*PROBLEM STATEMENT*: Please copy, exactly as they appear below, the lines from the one containing "Peigne guirlande de roses argenté" through the one containing "本人在基层妇幼保健机构深耕3".

*DATA PROVIDED*:
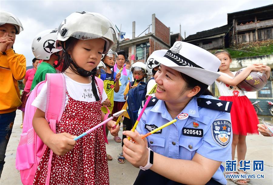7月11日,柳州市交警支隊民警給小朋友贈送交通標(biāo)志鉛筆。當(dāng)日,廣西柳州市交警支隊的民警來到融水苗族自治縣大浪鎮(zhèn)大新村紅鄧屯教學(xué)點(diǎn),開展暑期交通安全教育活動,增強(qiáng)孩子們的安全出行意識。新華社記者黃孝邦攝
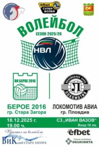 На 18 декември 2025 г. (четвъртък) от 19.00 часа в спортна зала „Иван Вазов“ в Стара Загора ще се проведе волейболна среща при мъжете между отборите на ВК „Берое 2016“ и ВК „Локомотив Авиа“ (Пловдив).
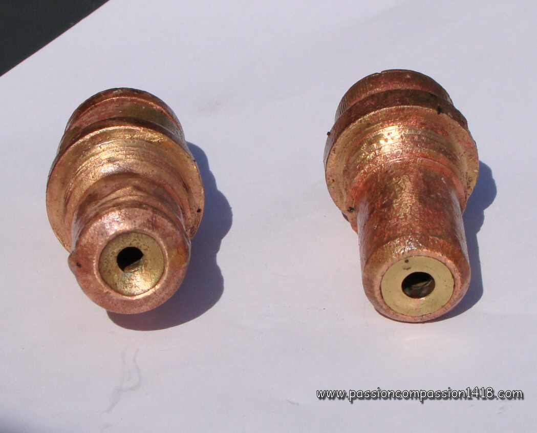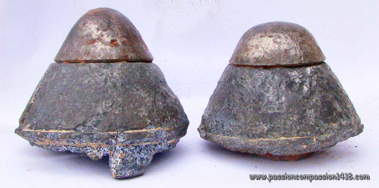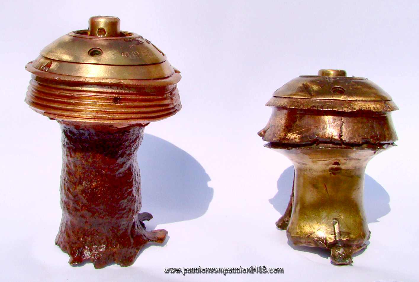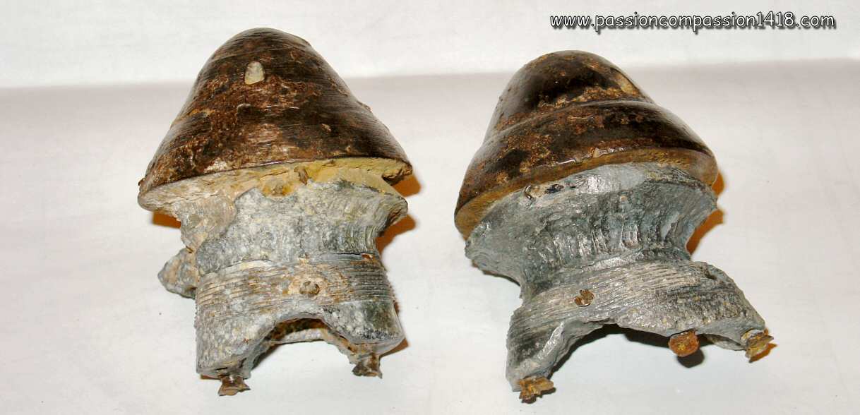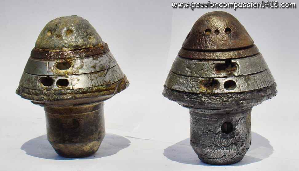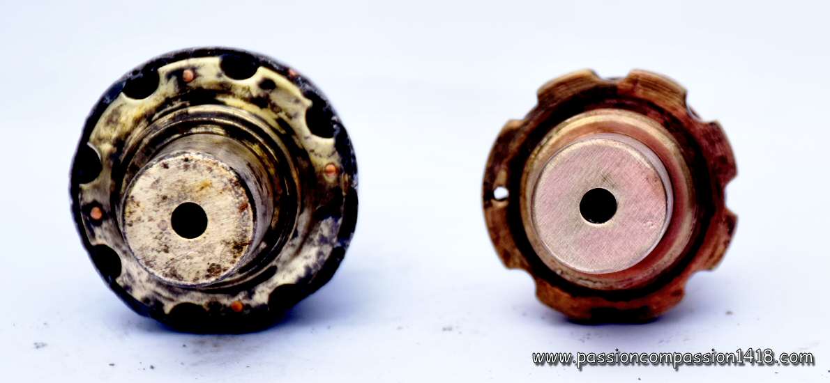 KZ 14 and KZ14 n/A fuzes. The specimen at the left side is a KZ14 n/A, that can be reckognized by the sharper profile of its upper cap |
* * *
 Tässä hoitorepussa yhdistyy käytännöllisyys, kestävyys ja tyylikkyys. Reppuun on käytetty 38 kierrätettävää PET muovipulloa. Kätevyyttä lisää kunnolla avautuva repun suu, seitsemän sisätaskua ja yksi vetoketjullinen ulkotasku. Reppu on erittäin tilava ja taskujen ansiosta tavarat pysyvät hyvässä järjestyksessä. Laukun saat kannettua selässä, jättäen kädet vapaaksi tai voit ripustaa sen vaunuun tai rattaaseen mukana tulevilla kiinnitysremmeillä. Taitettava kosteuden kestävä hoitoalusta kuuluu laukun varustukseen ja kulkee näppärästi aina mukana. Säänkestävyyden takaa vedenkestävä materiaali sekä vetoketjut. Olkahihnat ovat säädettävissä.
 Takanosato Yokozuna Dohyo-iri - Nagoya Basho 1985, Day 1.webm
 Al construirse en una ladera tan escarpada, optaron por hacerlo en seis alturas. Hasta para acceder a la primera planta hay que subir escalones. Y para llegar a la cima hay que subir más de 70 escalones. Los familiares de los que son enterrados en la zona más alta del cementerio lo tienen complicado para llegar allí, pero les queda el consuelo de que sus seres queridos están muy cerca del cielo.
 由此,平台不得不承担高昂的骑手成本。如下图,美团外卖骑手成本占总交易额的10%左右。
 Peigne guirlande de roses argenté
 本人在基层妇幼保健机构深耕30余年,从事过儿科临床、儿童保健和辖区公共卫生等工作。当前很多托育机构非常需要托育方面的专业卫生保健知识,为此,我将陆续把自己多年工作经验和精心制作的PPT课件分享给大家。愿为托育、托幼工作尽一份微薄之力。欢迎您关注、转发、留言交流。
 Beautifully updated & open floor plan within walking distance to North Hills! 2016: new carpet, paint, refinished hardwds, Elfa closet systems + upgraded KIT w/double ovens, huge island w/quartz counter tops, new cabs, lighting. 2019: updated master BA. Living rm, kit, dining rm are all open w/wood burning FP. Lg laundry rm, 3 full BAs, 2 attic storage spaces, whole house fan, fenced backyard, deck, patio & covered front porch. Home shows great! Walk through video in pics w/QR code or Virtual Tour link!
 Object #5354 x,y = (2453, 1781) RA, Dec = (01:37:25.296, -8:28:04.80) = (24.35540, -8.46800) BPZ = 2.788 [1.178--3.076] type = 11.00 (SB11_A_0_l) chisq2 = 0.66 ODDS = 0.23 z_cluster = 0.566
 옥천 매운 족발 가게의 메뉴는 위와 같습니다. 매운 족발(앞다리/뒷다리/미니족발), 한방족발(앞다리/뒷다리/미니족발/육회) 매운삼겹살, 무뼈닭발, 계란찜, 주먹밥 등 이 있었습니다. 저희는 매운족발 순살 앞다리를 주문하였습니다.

*EXERCISE ANSWER*:
 Peigne guirlande de roses argenté
 本人在基层妇幼保健机构深耕30余年,从事过儿科临床、儿童保健和辖区公共卫生等工作。当前很多托育机构非常需要托育方面的专业卫生保健知识,为此,我将陆续把自己多年工作经验和精心制作的PPT课件分享给大家。愿为托育、托幼工作尽一份微薄之力。欢迎您关注、转发、留言交流。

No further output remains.